Medieval attitudes towards literature were often guided by Christian teaching. The works that were applauded were those which communicated some moral thought. Literature was not meant to be read for the pleasure it would provide in diversion; it was supposed to be constructive towards a further end. It was read for moral profit. This can still be argued about all literature on a different level. Even Boccaccio claims that the Decameron is not simply for amusement, that the readers can find in it what they please, which may very well include a lesson on life. What is distinct about the Middle Ages is that the end was connected with a certain view of "right," extending the dominion of the Church or of a moral code.
The understanding of poetry in the Middle Ages depended a great deal on Horace's definition in the Ars poetica.
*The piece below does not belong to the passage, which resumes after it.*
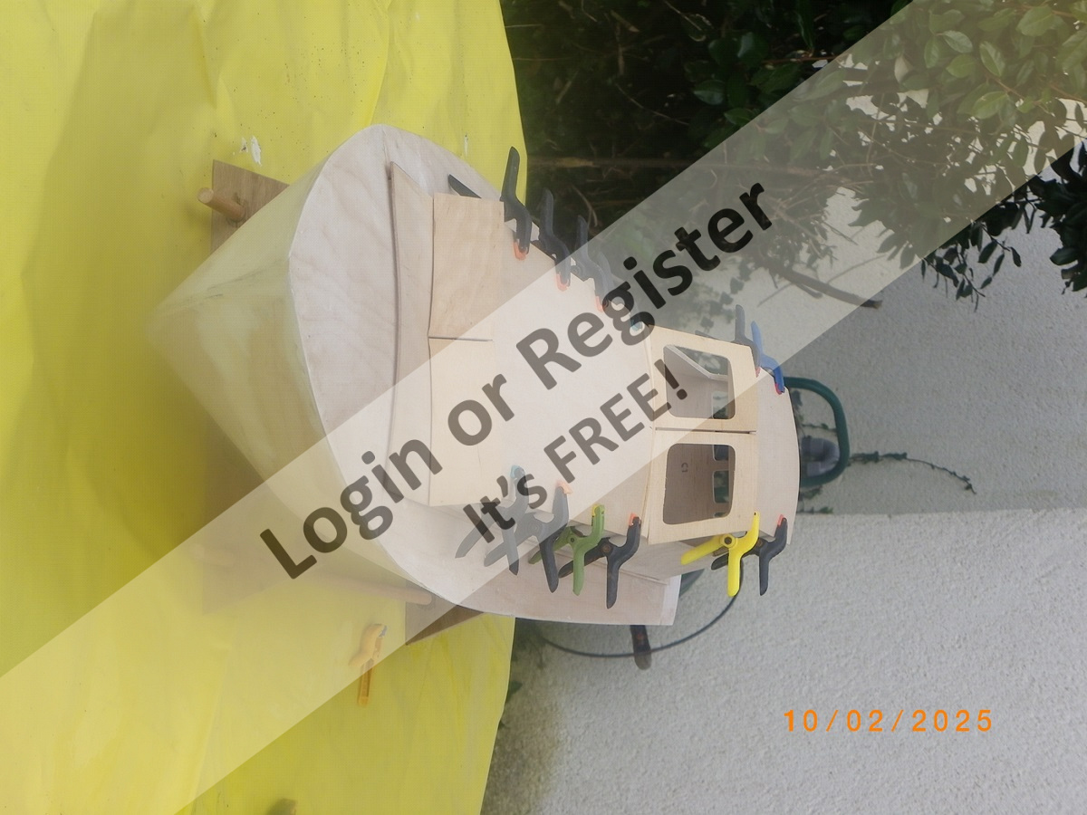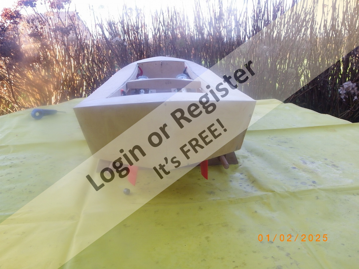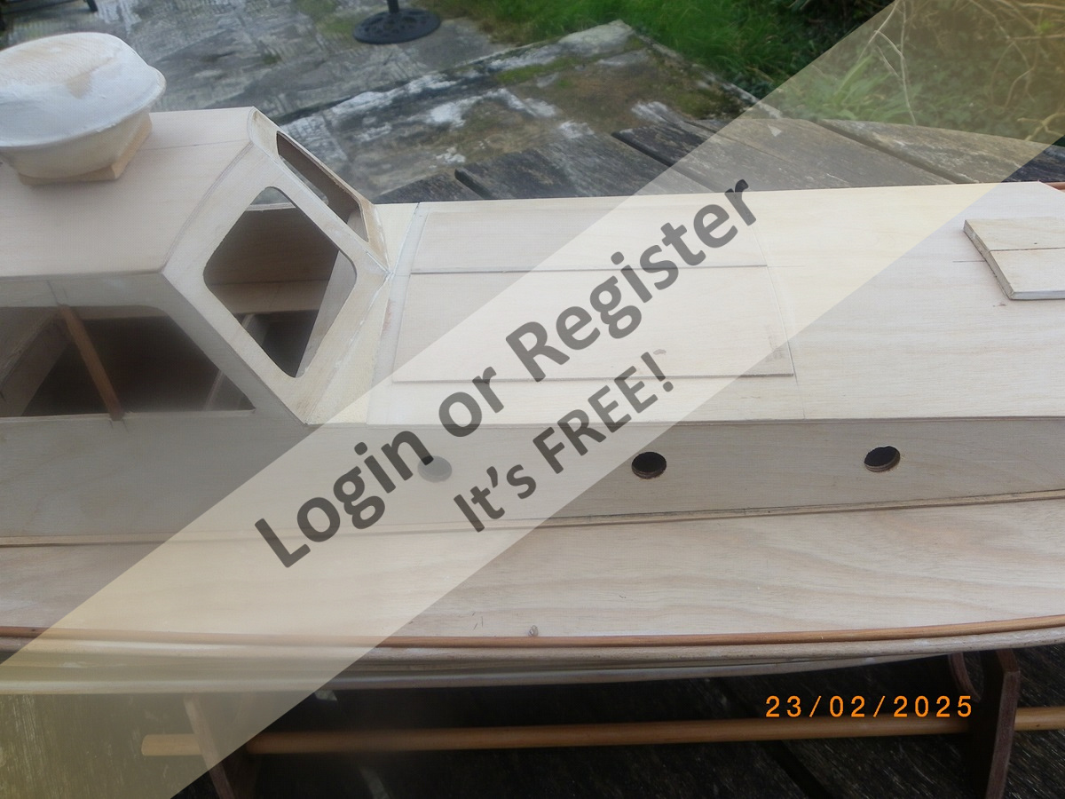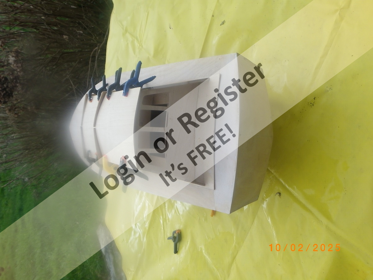 I await a brighter spell of weather promised for later in the week when hopefully a sea trial can be made to ascertain flotation line, ballasting etc after which I will wield the spray cans etc.

The best poetry is that which combines profit and pleasure. Within this view there is a greater assumption: the separation between content (truth) and form, echoing the same separation that existed in medieval Christian thought, or in Platonic philosophy. (The Aristotelian view of literature, in contrast, would allow for a fusion that gave art or mimesis independent value.) The surface, the external, was devalued. The poem was like a nut that had to be broken: the mature person searched for the inner truth. There are indications that literary purpose was somewhat polarized: some works were written merely to entertain while others were just meant to be useful. Augustine makes a further distinction between those which are meant to provide delight - called fabula - and those which are simply meant to deceive. What was the conception of literary pleasure? Olson separates the generalizations into two groups:
a) formal considerations: pleasure comes from appreciation of style, verbal beauty, astute employment of rhetoric.
b) narrative itself: literal level of detail or plot. Pleasure in close imitation and recognition of the real; realism.
More specifically, we may ask what was thought to be the nature of literary pleasure itself, the response of the reader to the text? Delight was seen as possession, rest (regardless of an ultimate spiritual end). The desire for something perceived as good is thus fulfilled. This can be, according to Aquinas, the imperfect happiness of this world, or the ultimate union with God. Sensual delights can hinder and blur the way to God. How can pleasure itself be profitable? One view was that it could serve as an enticement to learning, allow truths to seep in, masked in sweet coverings. The best literature, therefore, would still be that which provides profit and pleasure. Learning good style could cultivate effort and patience and moral content would teach virtue.
And yet, this still does not allow to simply identify profit and pleasure. Olson's attempt to clarify this point is based on medical and psychological grounds: it acknowledges the medieval "pragmatic" project, which gives pleasure credit with relation to a further end, health which, in turn, can allow more profitable or "good" actions.
Olson, Glending. Literature as Recreation in the Later Middle Ages. Ithaca: Cornell University Press, 1982.